→ Activity:
From the entries below, print exactly the span beginning with the line holding "МЕТОД Угловой навесной" and ending with the line holding "Plus Size Coconut", endpoints included, and skip any pictures.

---- Data in this exercise

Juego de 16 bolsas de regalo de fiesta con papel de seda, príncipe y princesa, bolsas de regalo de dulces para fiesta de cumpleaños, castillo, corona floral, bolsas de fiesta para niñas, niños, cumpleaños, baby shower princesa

--------
---- Data in this exercise

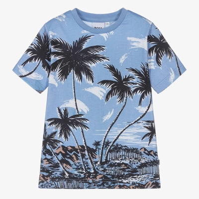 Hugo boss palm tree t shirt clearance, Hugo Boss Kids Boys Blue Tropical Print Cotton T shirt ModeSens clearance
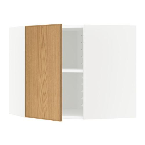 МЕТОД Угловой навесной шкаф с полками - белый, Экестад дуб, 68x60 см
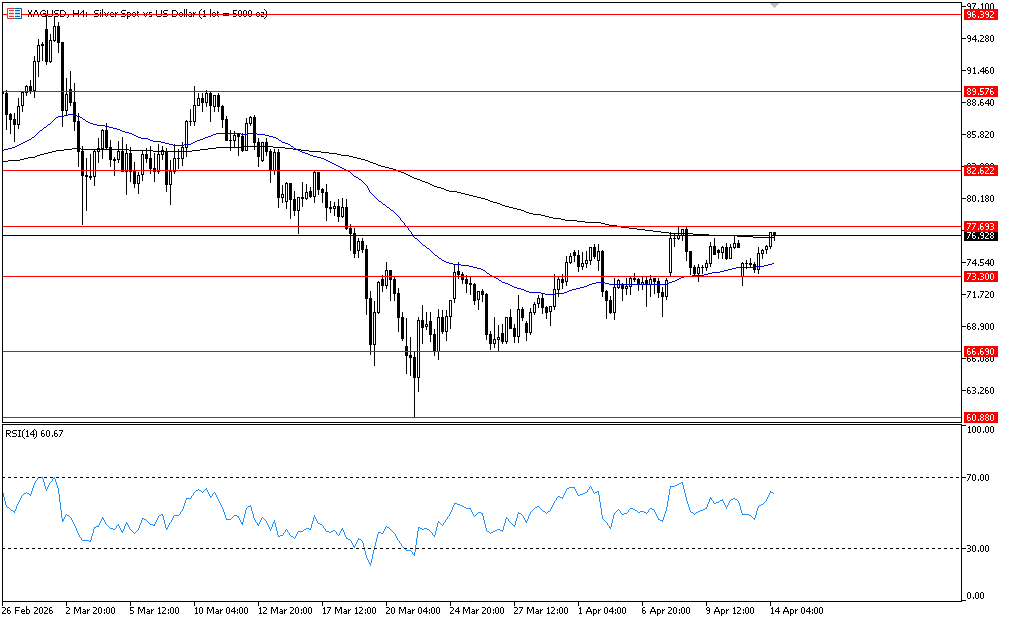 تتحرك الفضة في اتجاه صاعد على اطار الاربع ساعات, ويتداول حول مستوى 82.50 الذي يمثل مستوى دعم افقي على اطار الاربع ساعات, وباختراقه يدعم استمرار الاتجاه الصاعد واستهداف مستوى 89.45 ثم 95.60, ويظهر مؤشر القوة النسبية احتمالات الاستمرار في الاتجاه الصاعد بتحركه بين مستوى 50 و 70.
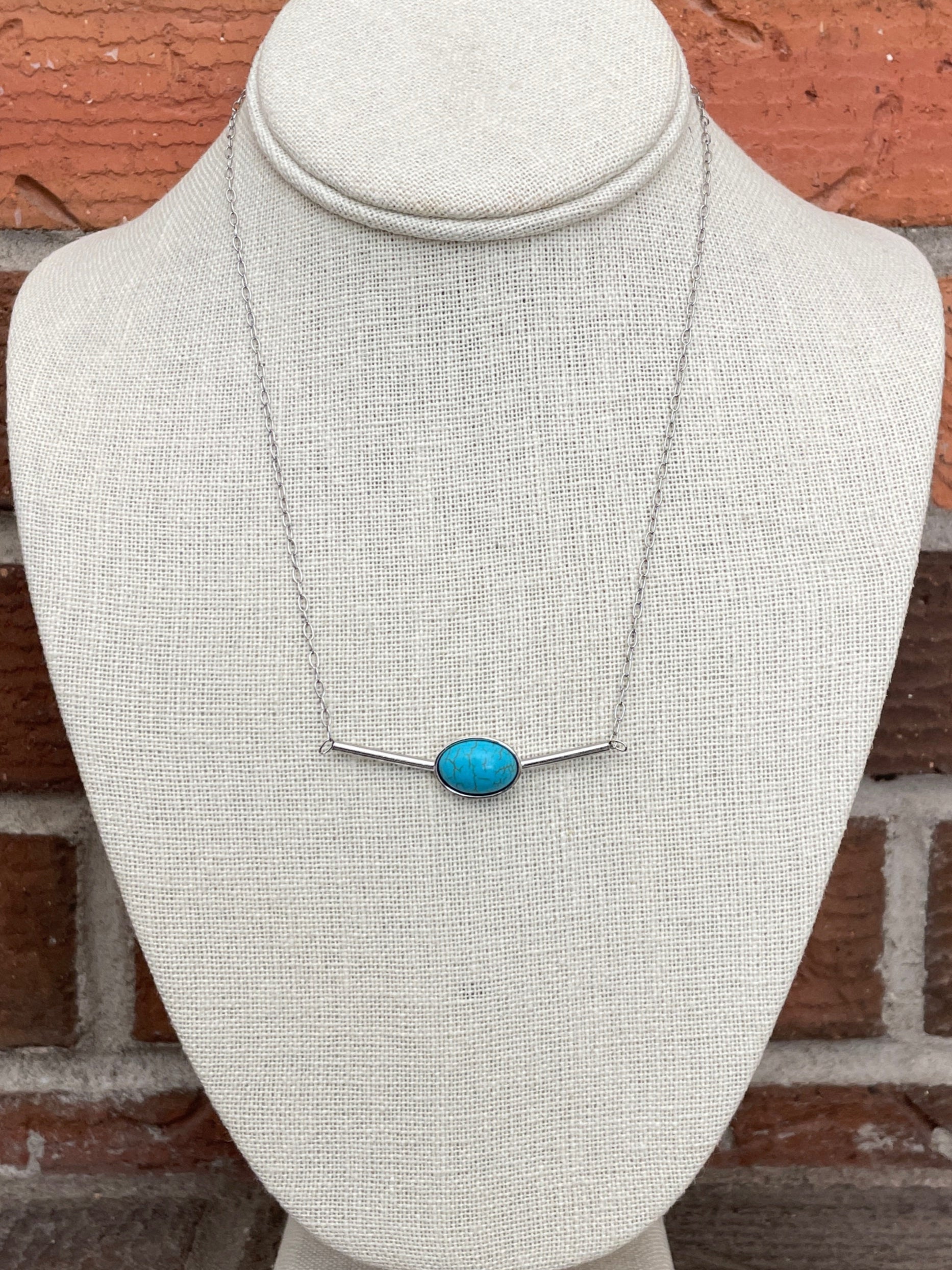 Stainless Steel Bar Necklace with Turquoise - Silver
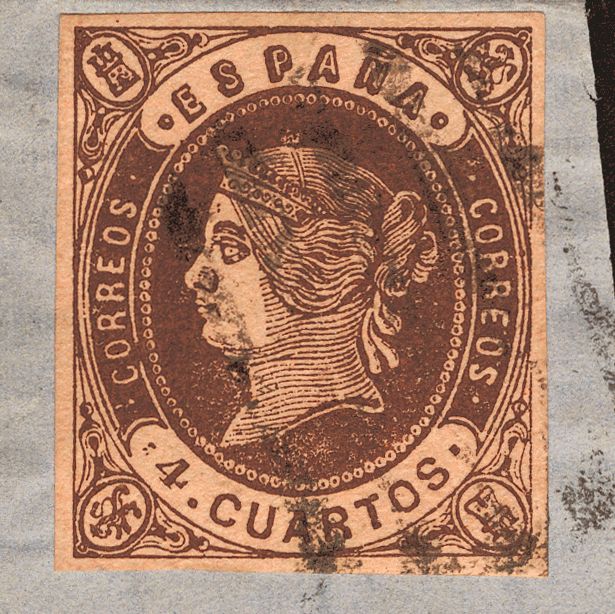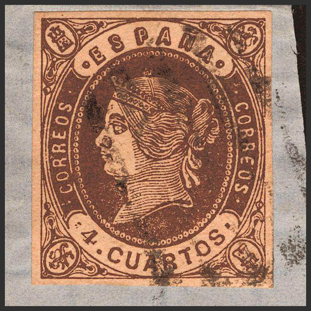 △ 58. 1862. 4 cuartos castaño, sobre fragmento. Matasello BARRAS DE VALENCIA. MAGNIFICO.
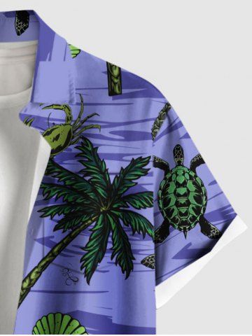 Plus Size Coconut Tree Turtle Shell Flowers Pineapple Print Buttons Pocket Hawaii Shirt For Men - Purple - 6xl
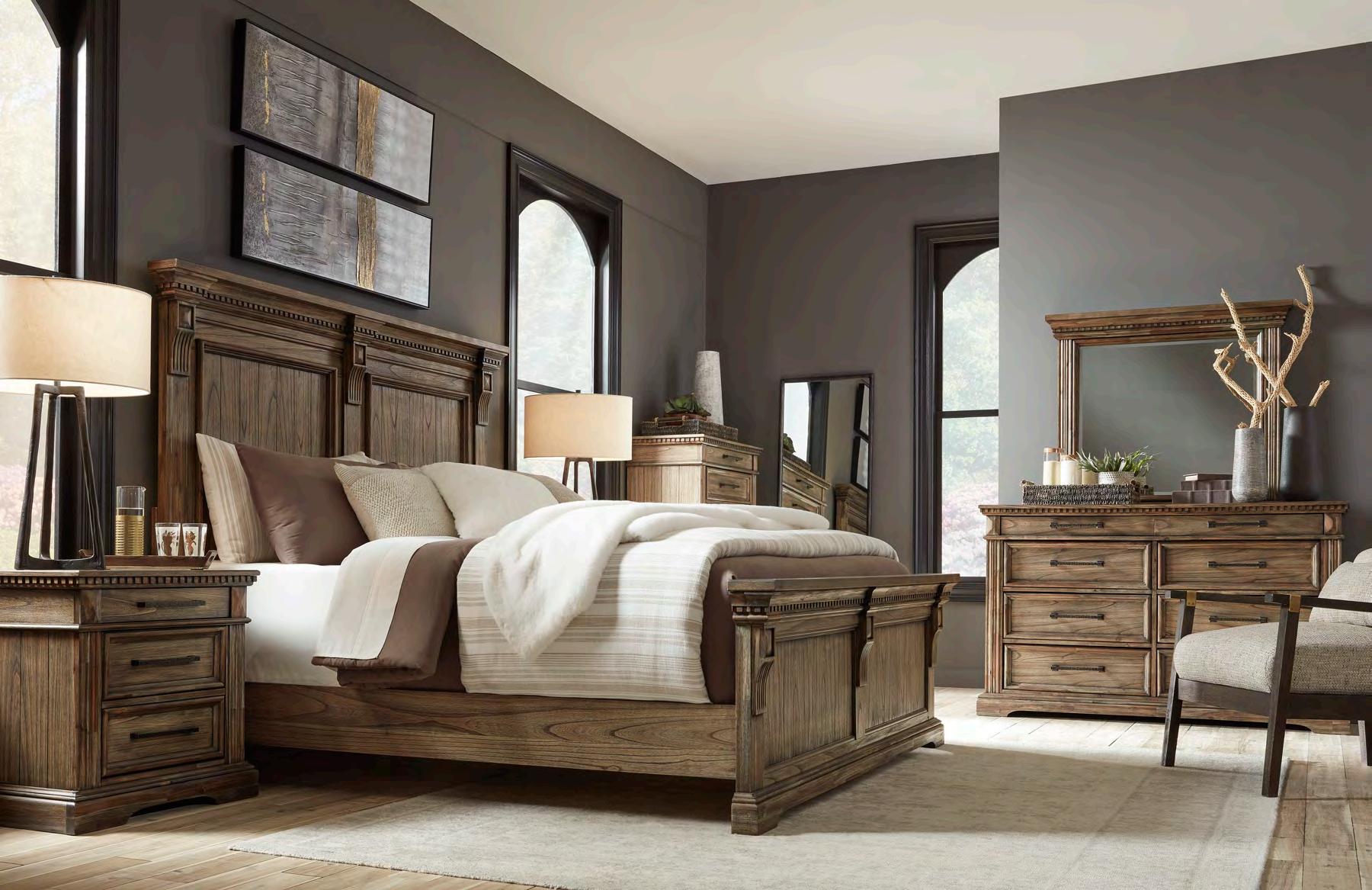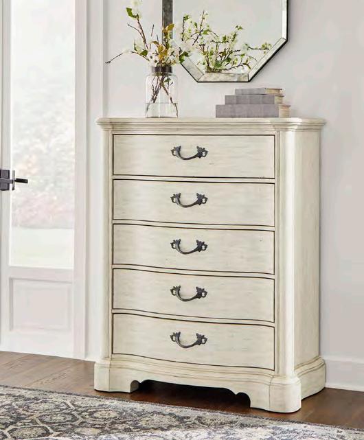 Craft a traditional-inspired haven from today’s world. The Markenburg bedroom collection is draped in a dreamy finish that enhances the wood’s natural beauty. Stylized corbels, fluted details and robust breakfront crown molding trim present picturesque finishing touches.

--------
---- Data in this exercise

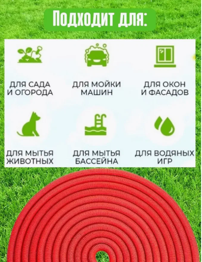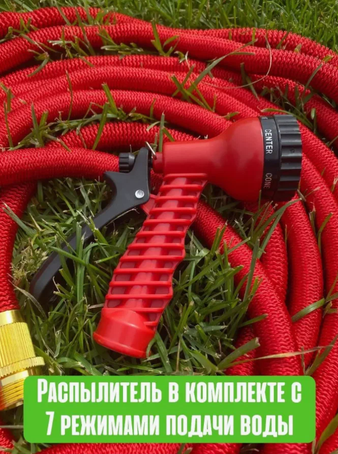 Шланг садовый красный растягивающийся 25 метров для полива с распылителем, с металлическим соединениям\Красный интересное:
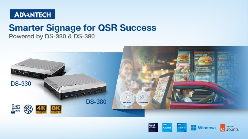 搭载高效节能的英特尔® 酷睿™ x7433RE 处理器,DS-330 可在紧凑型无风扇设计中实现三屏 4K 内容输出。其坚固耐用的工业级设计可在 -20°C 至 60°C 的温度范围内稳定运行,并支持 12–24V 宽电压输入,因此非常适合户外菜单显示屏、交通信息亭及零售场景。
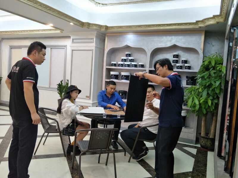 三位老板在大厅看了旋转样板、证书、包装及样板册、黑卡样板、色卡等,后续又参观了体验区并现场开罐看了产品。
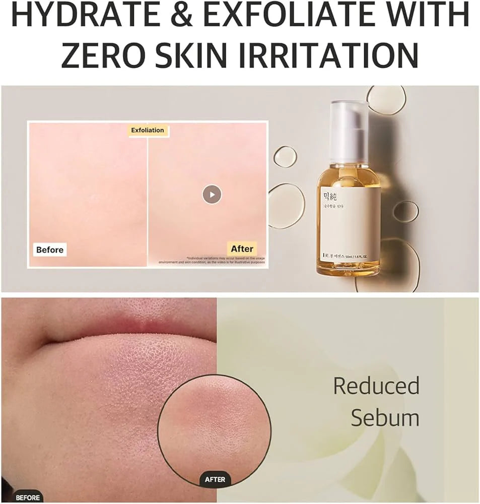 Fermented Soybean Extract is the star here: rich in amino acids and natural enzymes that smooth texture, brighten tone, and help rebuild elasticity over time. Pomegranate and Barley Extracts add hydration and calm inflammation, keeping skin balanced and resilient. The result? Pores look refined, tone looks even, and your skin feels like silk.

--------

→ Solution for this task:
 МЕТОД Угловой навесной шкаф с полками - белый, Экестад дуб, 68x60 см
 تتحرك الفضة في اتجاه صاعد على اطار الاربع ساعات, ويتداول حول مستوى 82.50 الذي يمثل مستوى دعم افقي على اطار الاربع ساعات, وباختراقه يدعم استمرار الاتجاه الصاعد واستهداف مستوى 89.45 ثم 95.60, ويظهر مؤشر القوة النسبية احتمالات الاستمرار في الاتجاه الصاعد بتحركه بين مستوى 50 و 70.
 Stainless Steel Bar Necklace with Turquoise - Silver
 △ 58. 1862. 4 cuartos castaño, sobre fragmento. Matasello BARRAS DE VALENCIA. MAGNIFICO.
 Plus Size Coconut Tree Turtle Shell Flowers Pineapple Print Buttons Pocket Hawaii Shirt For Men - Purple - 6xl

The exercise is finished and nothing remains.